This ^ is just made up bullsh1t.
To get sufficient noise on the cable to impact electronics on either end, you'd be completely destroying the data going on the wire. Unless you're placing a running a vacuum cleaner and hair drier on top of the ethernet cable, you're not experiencing this.
And if you have a DAC with a crappy enough design (a single packet sized buffer?) that it could be effected by a dropped (and then automatically re-sent) ethernet packet, then seriously, W.T.F?!?
If it wasn't a reproducible, double-blind test, then it's just the placebo effect.
There's nothing wrong with the placebo effect. It's an awesome effect. If it makes your enjoyment of audio better, then by all means, turn up the placebo! I personally rely on the placebo effect all of the time, and have no shame in doing so. I spend good money on AV placebo equipment. And I love it.
But I am careful not to mislead others about the difference between reality and placebo.
We seem to have different understandings of the word "theoretical".
On the one hand, we have actual, measured, tested, real-world proven, fifty years worth of proof that basic datagram packets over Ethernet could experience an error rate of statistical zero (not actual zero, but close enough that you are unlikely to experience a single such error in your lifetime). And that's before you add on any high level protocols that can easily provide an actual zero error rate.
On the other hand, we have people making ridiculous, anti-reality claims, backed up solely by "I may sell these expensive cables to make money, but trust me, I can hear the difference!"
Yes. Digital data is "just electric [sic] voltage signals". Sure, a few trillion dollars has been made by figuring out how to correctly deal with those "just electric [sic] voltage signals". Minor little start-ups like Intel, ARM, Asus, AMD, Fairchild, Apple, AT&T, Acer, IBM, TSMC, Samsung, Honeywell, Western Digital, SK Hynix, ...

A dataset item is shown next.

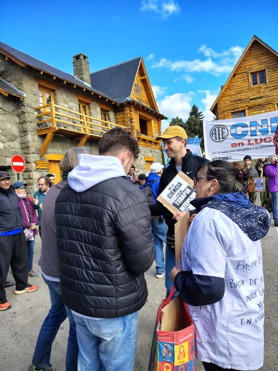 "Hoy nos concentramos en la entrada de la carpa de Bariloche a la Carta y la idea es poder concientizar a cada persona, a través de la entrega de un volante, para que sepan lo que está pasando en la CONEA, en el Centro Atómico, en Parques Nacionales, a los jubilados a nivel país y lo que sucede en nuestros establecimientos también".

Dealing with those signals let us go to the moon. Allowed us to decode the human genome. Let's us fairly accurately predict weather. Take pictures of distant galaxies. Carry an always-connected combination GPS + computer + telephony device in your pocket. Little things like that.
As an audio equipment maker, you'd have to be pretty stupid to route noise from the PHY of the NIC into your amplifier, but I guess that is possible to achieve, if you wanted to. However, I'd suggest avoiding audio equipment from anyone who designs their equipment to route noise from the PHY of the NIC into the analog output from the DAC.
And the article that you linked to has nothing to do with Ethernet.